• **Supplied data**:

<<<<

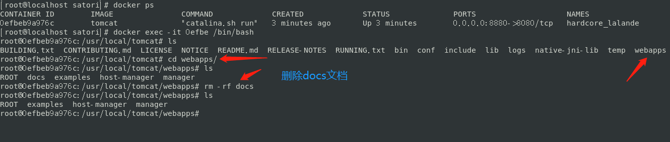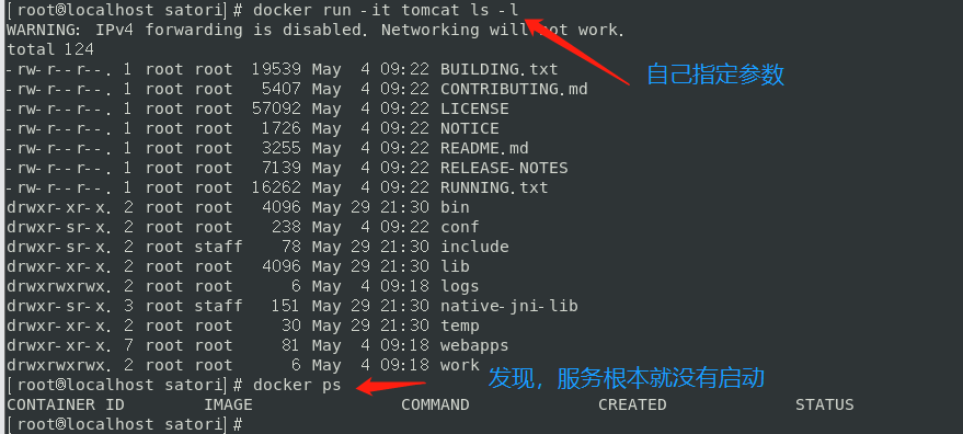 表示暴露端口为8080,然后执行CMD ["catalina.sh", "run"]。docker run -it tomcat之所以可以启动服务,输入localhost:8080还能看到那只猫,是因为最后一条命令。但是如果我们自己指定参数,那么会咋样呢
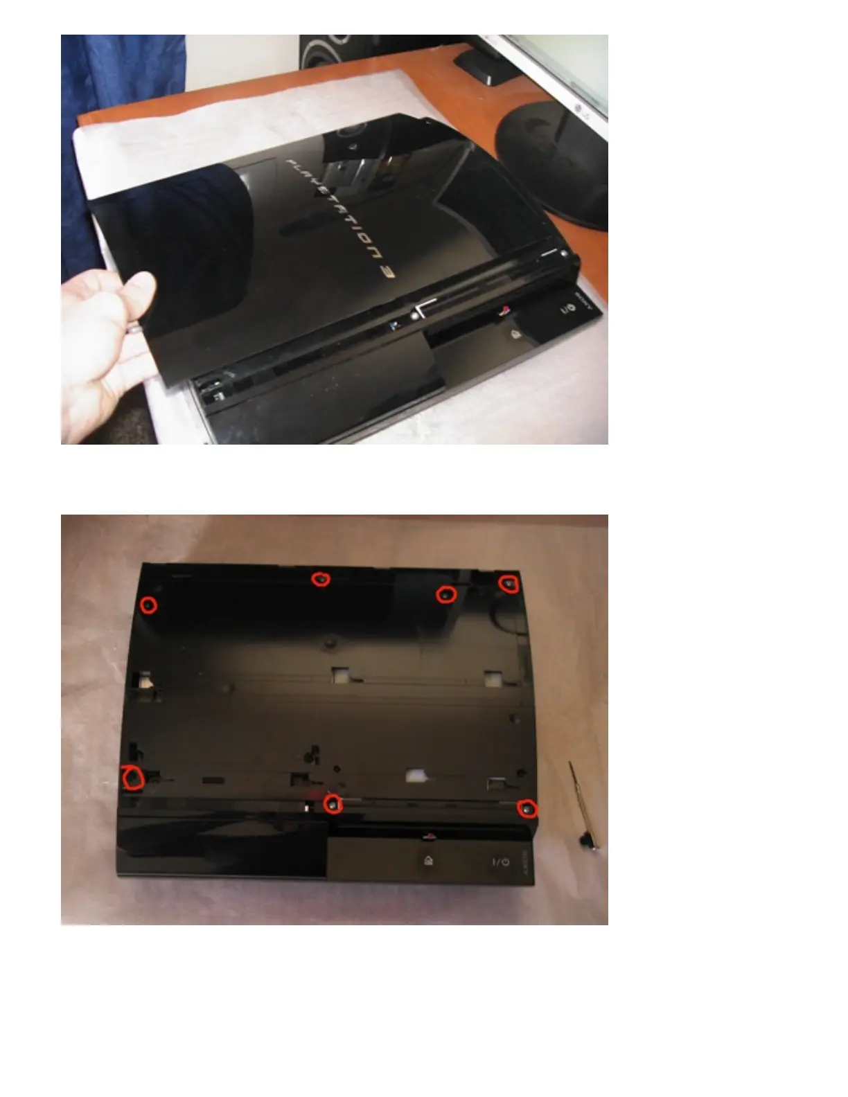 removing the 7 long screw circled in red in the picture below using a Phillips head screw driver.
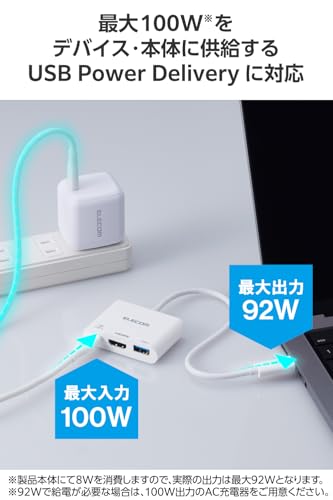 USB-PDポートとUSB-A (5Gbps) x1、USB-A (5Gbps) x2、4K@30Hz対応のHDMIポートを備えたUSB-Cハブ。
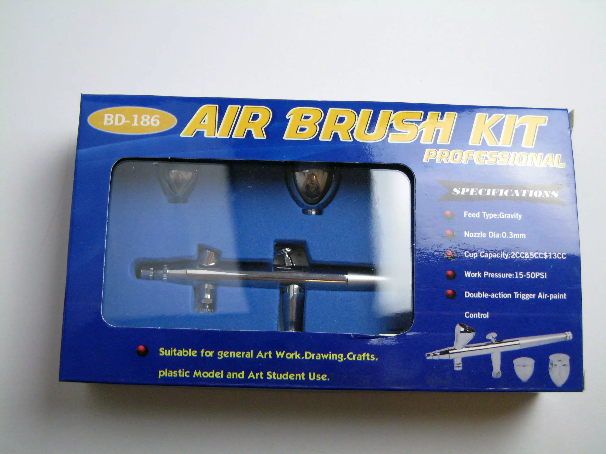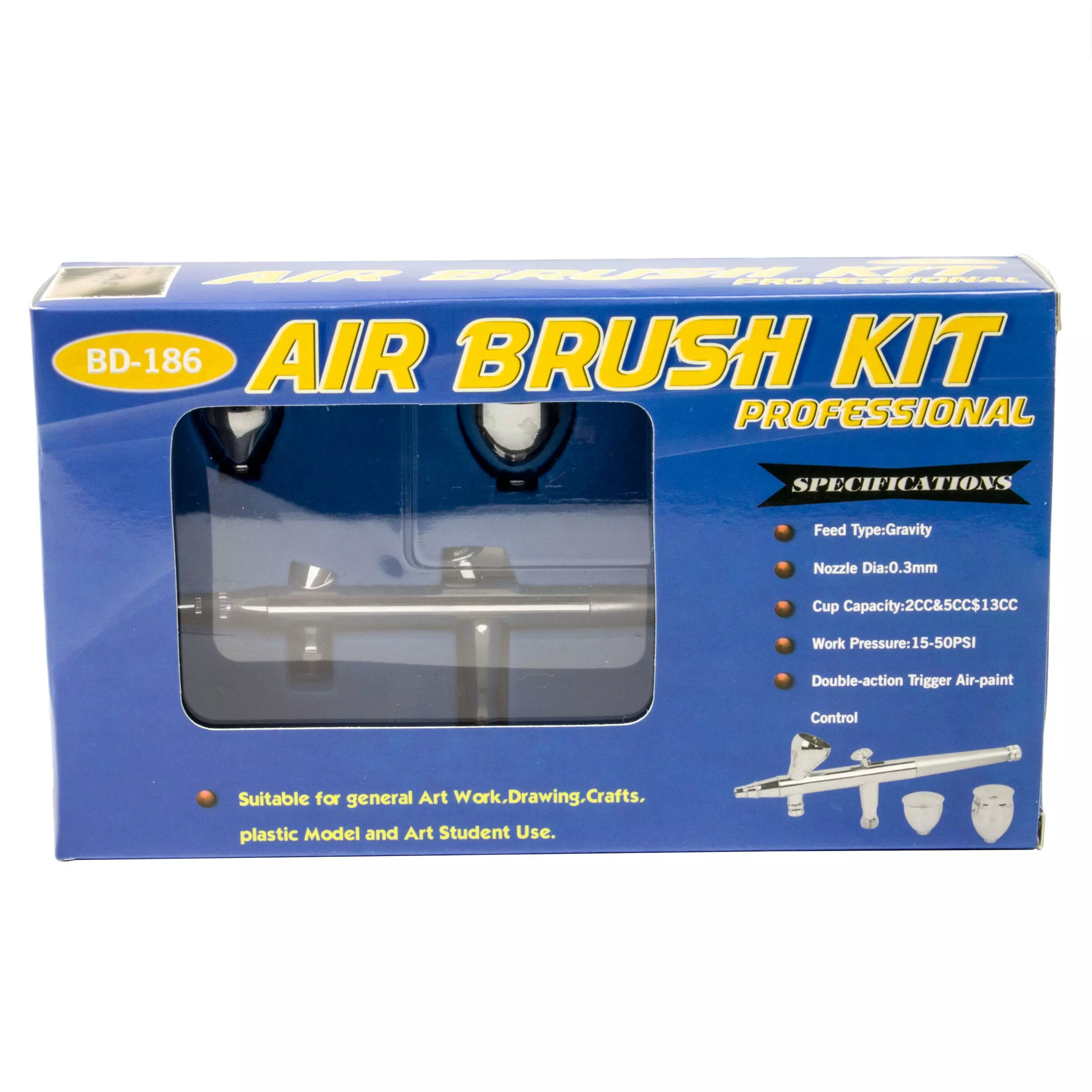 - Die Spritzpistole ABC-186 ist ein professionelles Gerät mit Double-Action-Technik für den Modellbauer, Grafiker oder Retuscheur. Die Pistole ist mit einer 0,30 mm Düse ausgerüstet und eignet sich daher für feinste Detailarbeiten wie feine Linien, technische Illustrationen, kleine tonverlaufende Flächen oder Arbeiten an Masken. Geeignet für feinstpigmentierte Farben, Lasur- und Wasserfarben. Mit 3 aufschraubbaren Bechern. Sowie bedingt für Lösemittelhaltige Farben. Gewindeanschluss G1/8 Zoll

>>>>

• **Problem to work on**:
Retyping should start at the first line of the data above and stop after the line with "removing the 7", and no picture should be included.

• **Exercise answer**:
 表示暴露端口为8080,然后执行CMD ["catalina.sh", "run"]。docker run -it tomcat之所以可以启动服务,输入localhost:8080还能看到那只猫,是因为最后一条命令。但是如果我们自己指定参数,那么会咋样呢
 removing the 7 long screw circled in red in the picture below using a Phillips head screw driver.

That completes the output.